■ Prompt ■
Take the entries that follow and return exactly the lines from the one holding "Η Ομοσπονδία Συλλόγων" through the one holding "Desenho de Princesa", both included. Nothing else is needed.

━━━━━ Information provided

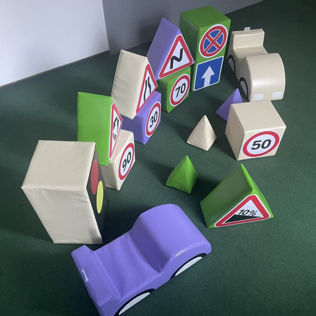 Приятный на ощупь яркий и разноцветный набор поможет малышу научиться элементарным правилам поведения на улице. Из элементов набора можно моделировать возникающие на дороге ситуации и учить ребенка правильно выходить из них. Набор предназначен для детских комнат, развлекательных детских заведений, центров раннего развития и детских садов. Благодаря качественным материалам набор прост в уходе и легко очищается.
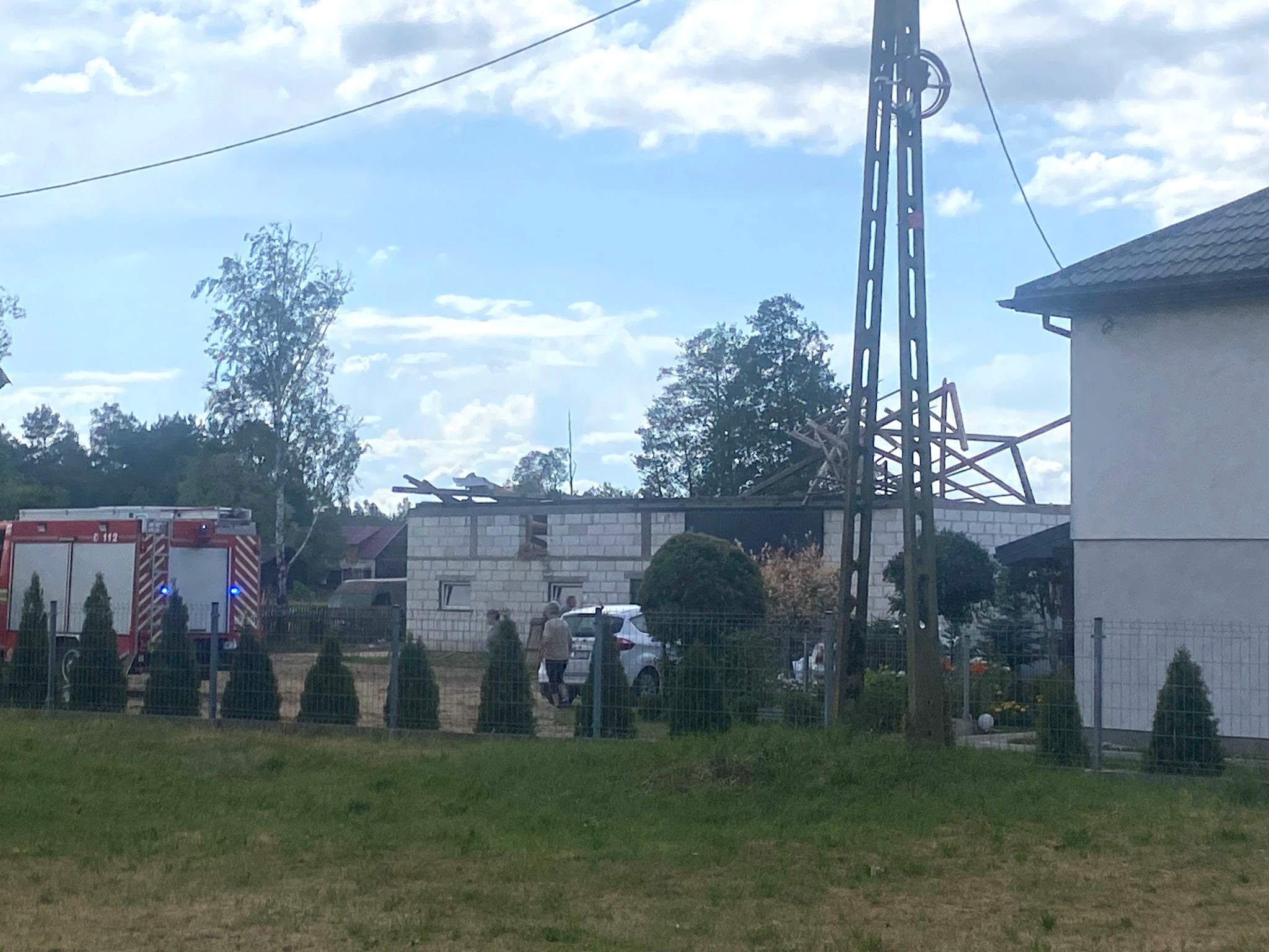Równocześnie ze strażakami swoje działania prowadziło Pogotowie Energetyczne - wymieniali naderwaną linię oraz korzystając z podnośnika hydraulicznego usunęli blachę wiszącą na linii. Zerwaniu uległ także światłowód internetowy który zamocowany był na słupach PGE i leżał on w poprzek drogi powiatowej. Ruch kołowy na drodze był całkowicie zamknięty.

━━━━━━━━━━
━━━━━ Information provided

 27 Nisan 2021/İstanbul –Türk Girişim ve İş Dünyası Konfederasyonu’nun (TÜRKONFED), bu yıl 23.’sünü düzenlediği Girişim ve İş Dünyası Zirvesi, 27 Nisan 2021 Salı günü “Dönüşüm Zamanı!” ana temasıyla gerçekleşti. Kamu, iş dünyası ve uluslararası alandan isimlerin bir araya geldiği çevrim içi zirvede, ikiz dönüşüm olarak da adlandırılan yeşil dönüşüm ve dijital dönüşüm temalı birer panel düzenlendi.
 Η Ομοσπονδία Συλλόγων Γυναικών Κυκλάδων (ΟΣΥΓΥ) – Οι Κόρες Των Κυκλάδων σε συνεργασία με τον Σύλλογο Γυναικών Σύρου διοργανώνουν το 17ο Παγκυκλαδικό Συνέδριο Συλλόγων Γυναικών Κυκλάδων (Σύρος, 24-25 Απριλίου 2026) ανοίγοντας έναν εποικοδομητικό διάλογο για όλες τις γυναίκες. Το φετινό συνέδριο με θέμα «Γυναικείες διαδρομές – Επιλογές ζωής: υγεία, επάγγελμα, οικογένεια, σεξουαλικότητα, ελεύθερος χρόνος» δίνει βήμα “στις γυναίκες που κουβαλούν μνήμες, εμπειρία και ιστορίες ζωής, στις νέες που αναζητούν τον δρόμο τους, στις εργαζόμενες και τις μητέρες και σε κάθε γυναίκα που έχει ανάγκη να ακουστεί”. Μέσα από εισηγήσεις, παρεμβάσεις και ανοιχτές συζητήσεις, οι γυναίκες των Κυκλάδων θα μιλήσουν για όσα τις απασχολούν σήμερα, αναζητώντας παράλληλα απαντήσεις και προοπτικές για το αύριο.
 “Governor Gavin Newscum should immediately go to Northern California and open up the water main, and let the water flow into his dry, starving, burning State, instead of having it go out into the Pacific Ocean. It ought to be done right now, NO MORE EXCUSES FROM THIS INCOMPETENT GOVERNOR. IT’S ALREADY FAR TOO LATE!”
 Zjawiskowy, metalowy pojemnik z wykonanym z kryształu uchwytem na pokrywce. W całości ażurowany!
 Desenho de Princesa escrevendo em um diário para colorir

━━━━━━━━━━

■ Response to the task ■
 Η Ομοσπονδία Συλλόγων Γυναικών Κυκλάδων (ΟΣΥΓΥ) – Οι Κόρες Των Κυκλάδων σε συνεργασία με τον Σύλλογο Γυναικών Σύρου διοργανώνουν το 17ο Παγκυκλαδικό Συνέδριο Συλλόγων Γυναικών Κυκλάδων (Σύρος, 24-25 Απριλίου 2026) ανοίγοντας έναν εποικοδομητικό διάλογο για όλες τις γυναίκες. Το φετινό συνέδριο με θέμα «Γυναικείες διαδρομές – Επιλογές ζωής: υγεία, επάγγελμα, οικογένεια, σεξουαλικότητα, ελεύθερος χρόνος» δίνει βήμα “στις γυναίκες που κουβαλούν μνήμες, εμπειρία και ιστορίες ζωής, στις νέες που αναζητούν τον δρόμο τους, στις εργαζόμενες και τις μητέρες και σε κάθε γυναίκα που έχει ανάγκη να ακουστεί”. Μέσα από εισηγήσεις, παρεμβάσεις και ανοιχτές συζητήσεις, οι γυναίκες των Κυκλάδων θα μιλήσουν για όσα τις απασχολούν σήμερα, αναζητώντας παράλληλα απαντήσεις και προοπτικές για το αύριο.
 “Governor Gavin Newscum should immediately go to Northern California and open up the water main, and let the water flow into his dry, starving, burning State, instead of having it go out into the Pacific Ocean. It ought to be done right now, NO MORE EXCUSES FROM THIS INCOMPETENT GOVERNOR. IT’S ALREADY FAR TOO LATE!”
 Zjawiskowy, metalowy pojemnik z wykonanym z kryształu uchwytem na pokrywce. W całości ażurowany!
 Desenho de Princesa escrevendo em um diário para colorir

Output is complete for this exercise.